La partnership, se effettiva, porterebbe TIM più vicina all’acquisizione di Open Fiber e della sua rete a banda larga.

TIM: vicino l'accordo con KKR?

Vola in Borsa TIM facendo registrare un aumento di circa il 3% dopo che si sono diffuse le voci di un possibile accordo tra la società diretta da Luigi Gubitosi ed il fondo di private equity KKR: secondo indiscrezioni l’azienda di telecomunicazioni italiane sarebbe pronta a firmare una partnership con quest’ultimo per poi procedere all’acquisto di Open Fiber. Un’operazione che poterebbe investimenti anche nella rete secondaria di Tim.

Accordo TIM–KKR propedeutico per acquisizione Open Fiber

KKR sarebbe interessato ad ampliare il suo raggio di azione anche per ciò che concerne, magari con una quota di minoranza, quella porzione di rete che va dai cabinet fino alle abitazioni, che viene per l’appunto definita secondaria e che è stata valutata da Bloomberg tra i 7 ed i 7 miliardi e mezzo.

TIM è in contatto con diversi fondi infrastrutturali da settimane, ma KKR sarebbe quello con il quale vi sarebbe maggiore affiatamento e sarebbe possibile dare vita a una collaborazione, al fine di acquisire Open Fiber e realizzare finalmente in Italia una infrastruttura di rete unica in fibra come auspicato negli anni passati anche dallo Stato. È importante ricordare che Open Fiber è una partecipata al 50% da Enel e al 50% da Cdp Equity ed è un operatore infrastrutturale il cui fine è quello di realizzare la rete a banda ultralarga in fibra ottica.

Enel contraria a vendita quote in suo possesso

TIM e KKR vorrebbero, secondo le indiscrezioni di Bloomberg, acquisire insieme Open Fiber: un obiettivo non facile da perseguire per via delle reticenze del Ceo di Enel Francesco Starace nel cedere le quote del suo gruppo.

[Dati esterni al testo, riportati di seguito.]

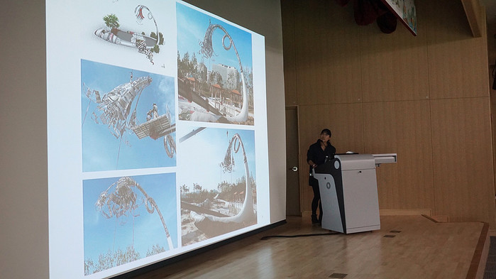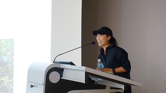 | ▲2012 영국 첼시플라워쇼 쇼가든 부문 금상을 수상한 황지해 작가각 특별 강연을 하고 있다. |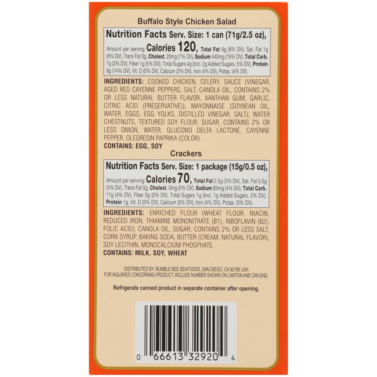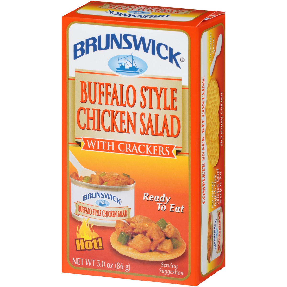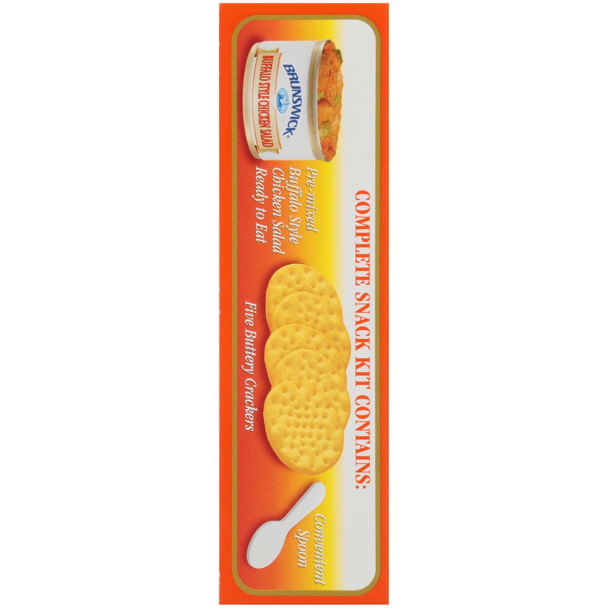 Complete Snack Kit Contains: pre-mixed buffalo style chicken salad ready to eat; five buttery crackers; convenient spoon. Ready to eat. Now! Easy peel foil lid. For inquiries concerning product includ…

Da una parte vi è quindi Cassa Depositi e Prestiti che negli ultimi anni non ha mai fatto mistero di voler trovare un accordo con la società di Gubitosi mentre dall’altra vi è una delle maggiori aziende di energia elettrica italiane che non intende vendere la propria parte.

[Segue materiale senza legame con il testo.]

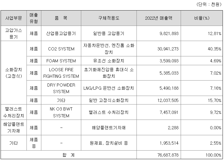 고압가스용기부문은 천연가스차량용 연료(천연가스)를 저장 및 수송 공급 목적의 천연가스 운송차량(CNG T/T)용기, 공기압력 용기(APV), 반도체세정용가스인 고순도가스저장용기(Y-TON 용기), 수소, 산소, 질소, CO2 등 특수산업용 고압용기의 재검사사업을 영위하고 있습니다.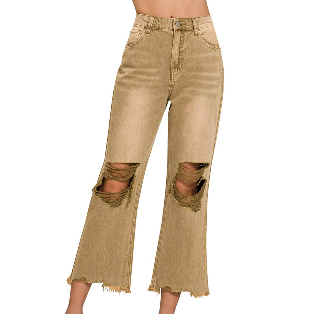 Washed Distressed Camel Cropped Pants by Southern Roots Clothing Company

Sono diversi gli analisti che vedono come positiva l’eventuale partnership tra TIM e KKR: sebbene gli ostacoli all’acquisto di Open Fiber non sparirebbero, come sottolineano gli esperti di Equita Sim, “il dossier avrebbe un’inattesa accelerazione e l’ingresso di KKR costituirebbe un passaggio intermedio comunque positivo”, perché in grado potenzialmente di far emergere un altro asset “su cui c’é disallineamento tra multipli del gruppo e multipli degli asset controllati”.

Tutto questo porterebbe ad una valutazione dell’asset della rete a 10 volte il rapporto Enterprise Value/ebitda e farebbe emergere circa 3,5 miliardi di extra valore per il gruppo insieme a ipotesi realiste di consolidamento di ulteriori sinergie che condurrebbero a un tanto auspicato miglioramento del bilancio di TIM.